I drove to Maryvale that night. Left Jessica with the kids, drove the four blocks, and walked into my parents' kitchen where my dad was sitting at the table with a pamphlet about diabetes management, looking at it the way he looks at things he doesn't understand, which is to say: suspiciously. He saw me and said "your mother called you" and I said "of course she did" and he said "it's just sugar, mijo" in a voice meant to reassure me but which did the opposite because I know what diabetes does. I've seen it on the job — the slow deterioration, the complications, the way it changes everything about how a person lives. Diet. Exercise. Medication. Monitoring. Everything.
I sat at the table with him and I said the only thing I could think to say: "We're going to figure this out, Dad. The food, the meals, all of it. I'm going to help." He looked at me and for a moment — one moment — the mask slipped and I saw something in Roberto's eyes I'd never seen before. Fear. My father, who has never been afraid of anything I've witnessed, was afraid. Then the mask came back and he said "I don't need help. I need less salt."
He needs more than less salt. He needs a complete rethinking of the food that has defined our family — the carne asada, the chorizo, the refried beans cooked in lard, the tres leches cake at every celebration. He needs to change the way he eats, which means changing the way we all eat, because in this family, food is not individual. Food is communal. What one of us eats, we all eat. If Roberto's food has to change, the table has to change.
I stayed until 10 PM. I didn't cook. I just sat with him. Sometimes showing up doesn't mean bringing a plate. Sometimes it means sitting at the table with empty hands and full attention and letting the person you love know that whatever comes next, you're not going anywhere. Just show up. Even when you can't fix it. Especially when you can't fix it.
I didn’t cook that night at my parents’ house — I just sat. But driving home, I knew I had to start somewhere, and somewhere had to feel like our food, not like a punishment. This salad is that somewhere. No heat, no lard, no sugar — just black beans, corn, fresh lime, and the kind of bright flavors that have always lived in my mom’s kitchen, stripped down to what’s actually good for my dad. It’s not carne asada. It’s not tres leches.
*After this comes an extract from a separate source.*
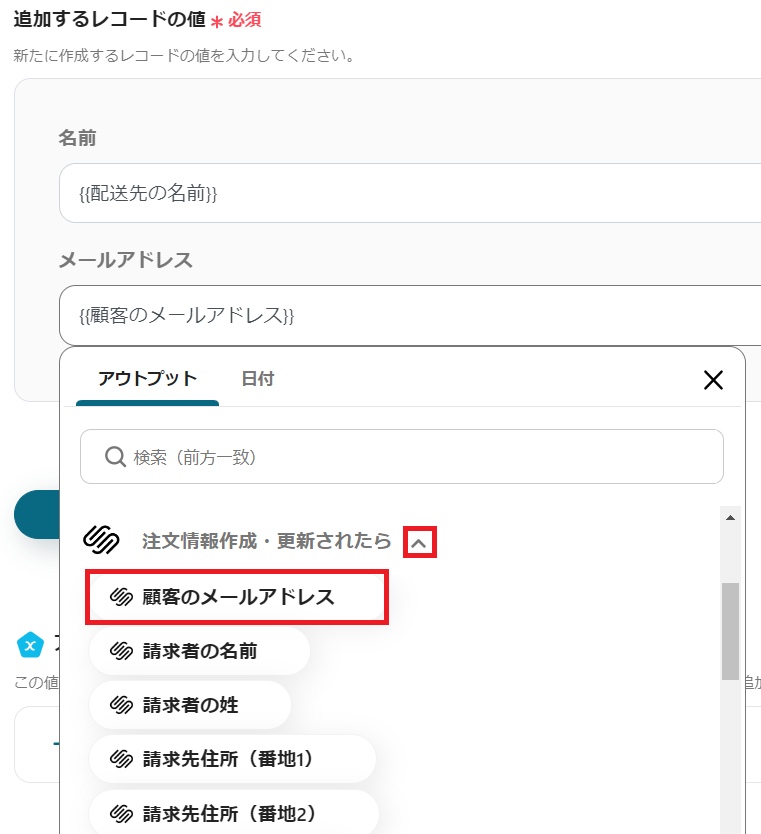 以下の画面が表示されるので、Squarespaceのアウトプットを使用して「追加するレコードの値」を設定してください。
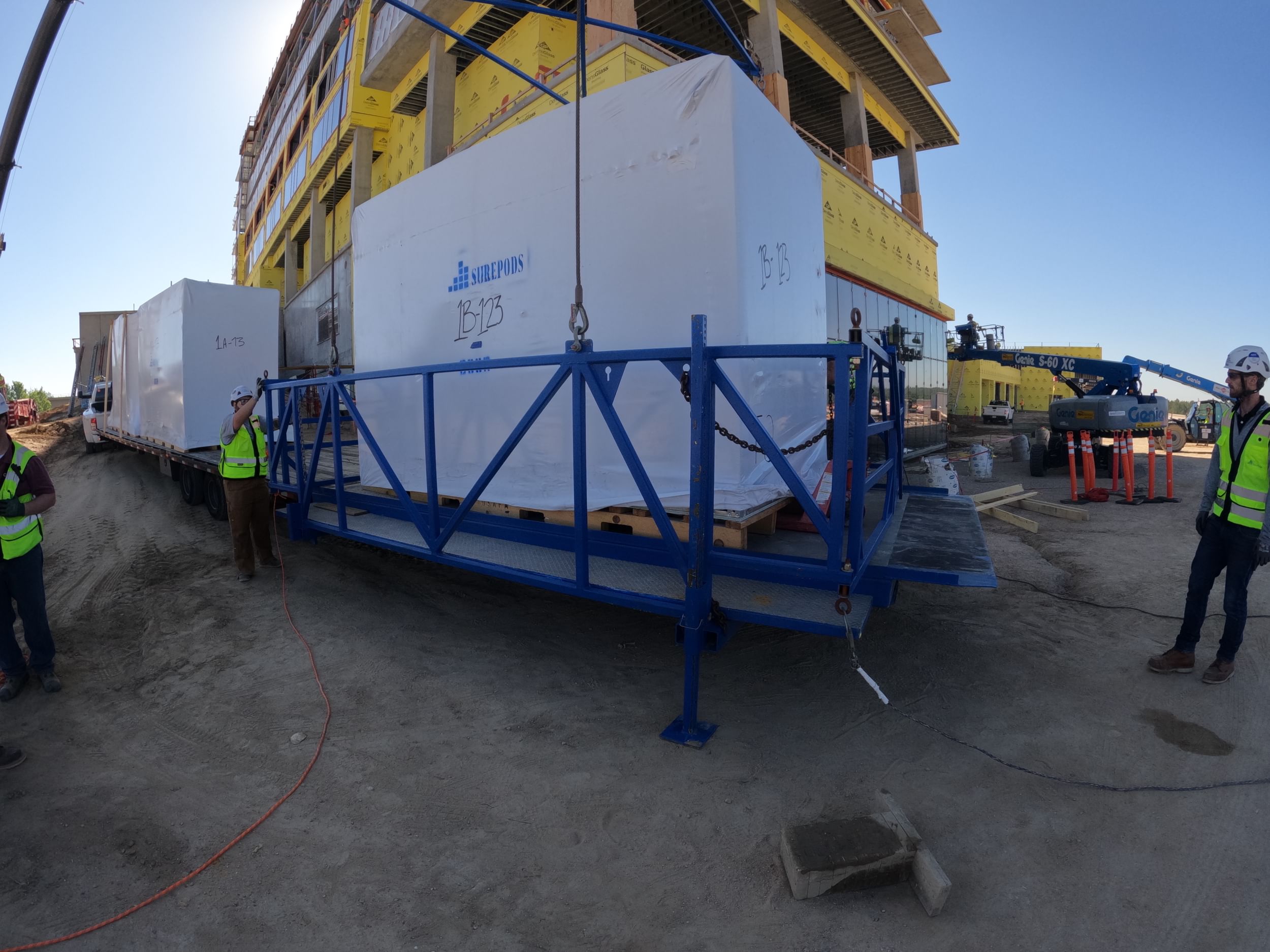 Prior to being transported to Aurora, Colorado the mock-up underwent thorough reviews by the design team, owner group and GC in Phoenix. This project boasts a unique hybrid team consisting of DPR, SurePods and GE Johnson craft, collaborating in the loading and placement of the pods.

But it’s a beginning, and right now, a beginning is everything.
Skinny Mexican Bean Salad with Corn
Prep Time: 15 min | Cook Time: 0 min | Total Time: 15 min | Servings: 6
Ingredients
- 1 (15 oz) can black beans, rinsed and drained
- 1 (15 oz) can kidney beans, rinsed and drained
- 1 1/2 cups frozen corn, thawed (or fresh off the cob)
- 1 red bell pepper, diced small
- 1/2 red onion, finely diced
- 1 jalapeño, seeded and minced
- 1/2 cup fresh cilantro, roughly chopped
- 3 tablespoons fresh lime juice (about 2 limes)
- 2 tablespoons olive oil
- 1 teaspoon cumin
- 1/2 teaspoon chili powder
- 1/4 teaspoon garlic powder
- Salt and black pepper to taste
Instructions
- Combine the base. In a large bowl, add the rinsed black beans, kidney beans, thawed corn, diced red bell pepper, red onion, and jalapeño. Toss gently to distribute evenly.
- Make the dressing. In a small bowl or jar, whisk together the lime juice, olive oil, cumin, chili powder, and garlic powder until fully combined.
- Dress the salad. Pour the dressing over the bean mixture and toss well to coat everything. Season with salt and pepper to taste.
- Add cilantro and rest. Fold in the fresh cilantro. Let the salad sit for at least 10 minutes before serving so the flavors come together — or refrigerate up to 24 hours ahead. It gets better as it sits.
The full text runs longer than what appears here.